Exercise goal =>
Restate word for word the section of the entries that opens at the line containing "W dniach 10" and closes at the line containing "Салат из отборных", both lines kept, pictures dropped.

Input for this task =>
◇ ◇ ◇ ◇

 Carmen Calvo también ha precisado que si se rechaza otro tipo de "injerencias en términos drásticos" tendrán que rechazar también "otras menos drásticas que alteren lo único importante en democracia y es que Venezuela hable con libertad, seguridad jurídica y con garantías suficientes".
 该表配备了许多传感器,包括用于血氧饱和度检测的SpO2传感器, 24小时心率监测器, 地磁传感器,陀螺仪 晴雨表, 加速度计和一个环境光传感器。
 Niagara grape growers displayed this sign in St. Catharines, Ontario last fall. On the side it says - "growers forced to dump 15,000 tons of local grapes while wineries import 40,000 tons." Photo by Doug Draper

◇ ◇ ◇ ◇

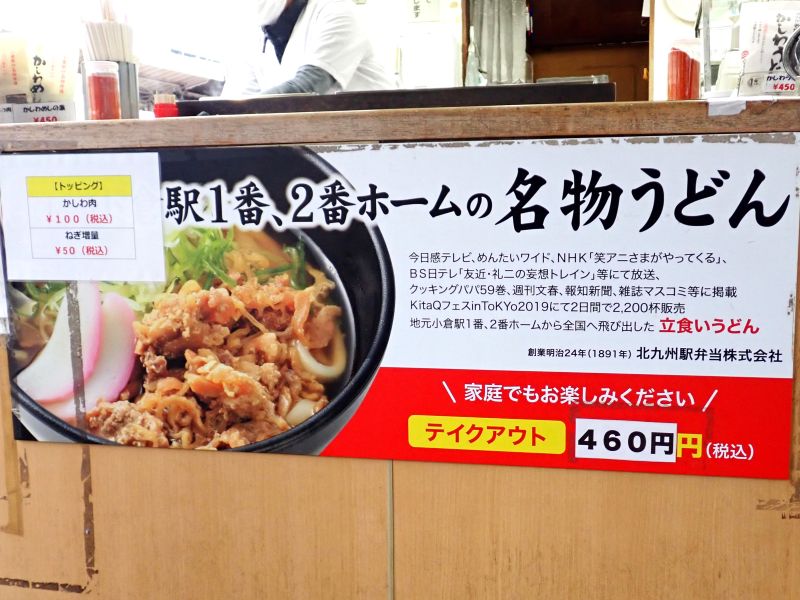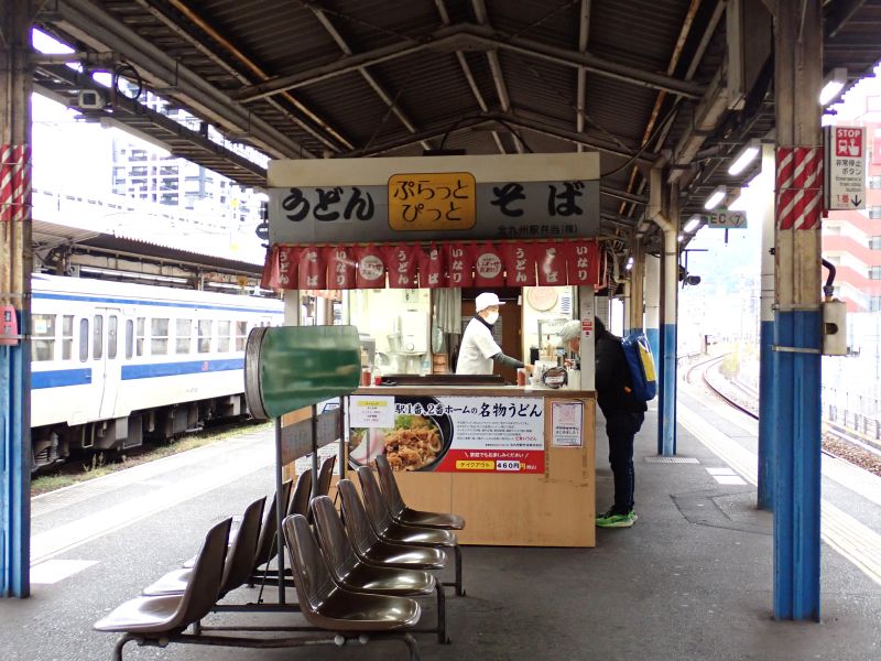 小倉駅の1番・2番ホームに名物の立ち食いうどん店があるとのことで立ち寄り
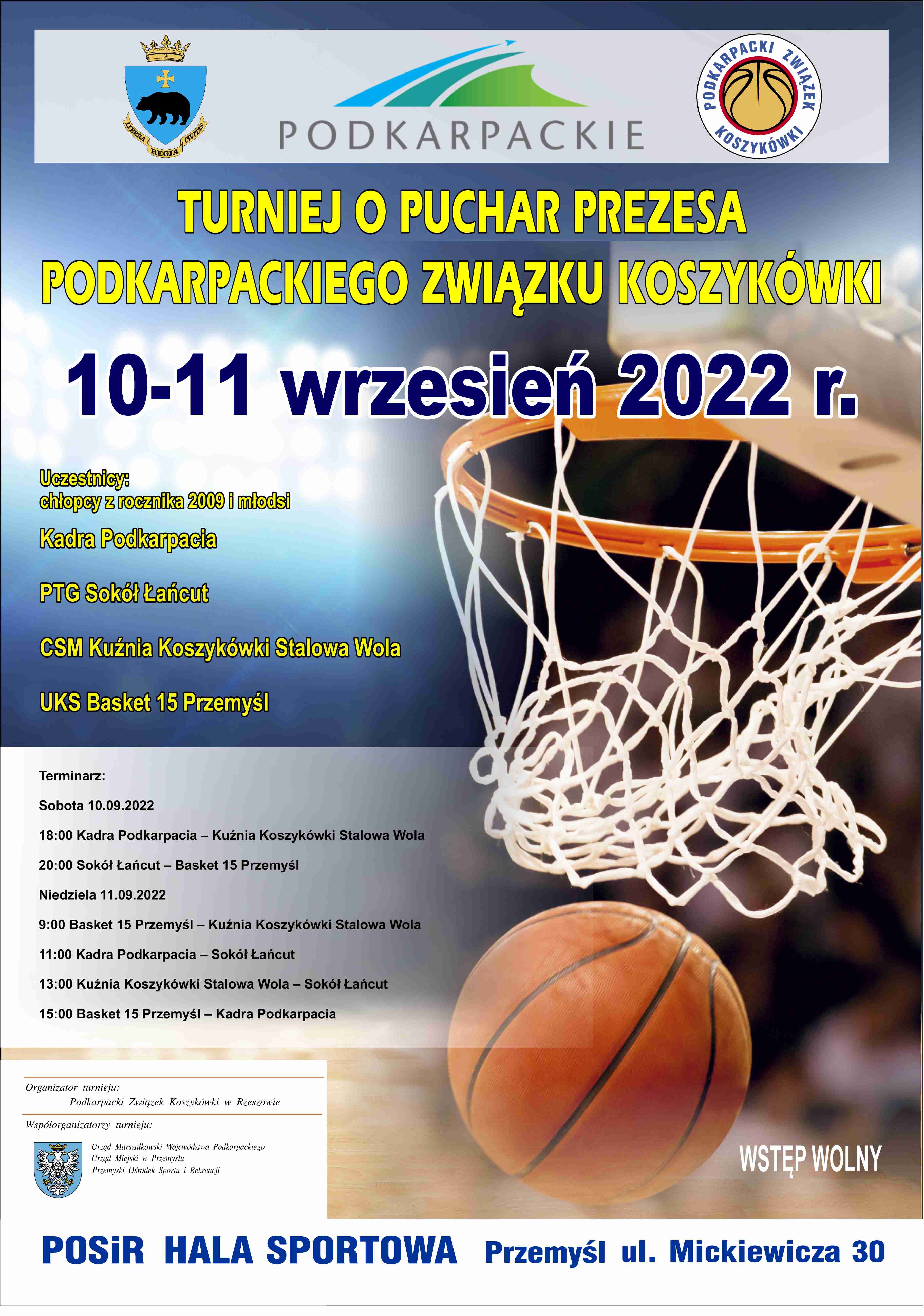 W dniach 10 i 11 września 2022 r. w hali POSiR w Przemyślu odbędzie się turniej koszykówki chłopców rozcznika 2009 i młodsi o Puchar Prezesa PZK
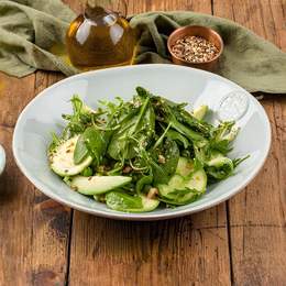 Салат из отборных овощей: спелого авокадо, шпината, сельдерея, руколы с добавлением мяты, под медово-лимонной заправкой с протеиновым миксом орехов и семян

◇ ◇ ◇ ◇

Solution for this exercise =>
 W dniach 10 i 11 września 2022 r. w hali POSiR w Przemyślu odbędzie się turniej koszykówki chłopców rozcznika 2009 i młodsi o Puchar Prezesa PZK
 Салат из отборных овощей: спелого авокадо, шпината, сельдерея, руколы с добавлением мяты, под медово-лимонной заправкой с протеиновым миксом орехов и семян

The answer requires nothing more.